Gleich den Humanisten, die in fingierten „Dunkelmännerbriefen“ eine grundsätzliche Auseinandersetzung mit der spätscholastischen Welt führten, ergriffen später Magister und Scholaren, sich offen als „Sansculotten“ bezeichnend, für die Große Revolution der Franzosen Partei.

In der Revolution von 1848/49 kämpften die besten Professoren und Studenten für die Sache des Fortschritts. Die nach der Novemberrevolution gebildete Kommunistische Studentengruppe begann die Wahrheit über die weltgeschichtliche Bedeutung des Roten Oktober zu verbreiten.

Und durchdrungen vom Geist kämpferischer Humanitas leisteten in der Nacht des Faschismus mutige Wissenschaftler und Studenten heldenhaften Widerstand gegen das verbrecherische Regime.
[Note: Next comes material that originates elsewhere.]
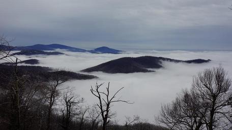 Keywords: Nature Mountain Trail National Park Trekking Hiking Skyline USA Hike Camping Campground Shenandoah Valley Sky Hawk hoarfrost Marys Rock Winter Fog

Diese und viele andere unvergessene Taten in der Geschichte unserer Hohen Schule sind ein beredtes Zeugnis progressiver Universitätstradition, vollbracht hier in dieser Stadt, die zugleich eine Hochburg der revolutionären deutschen und internationalen Arbeiterbewegung war; in die ein Robert Blum und Lassalle, ein Bebel und Liebknecht, Rosa Luxemburg und Franz Mehring, Julian Marchlewski, Georgi Dimitroff und gar Lenin ihre Spur gezeichnet haben.

Aber es sei auch fern von uns, das überkommene universitäre Erbe mit einem Glorienschein zu umgeben.

Bei weitem nicht immer vollzog sich. Politik und Wissenschaft an der Universität synchron mit dem konkreten Fortschritt der Epoche.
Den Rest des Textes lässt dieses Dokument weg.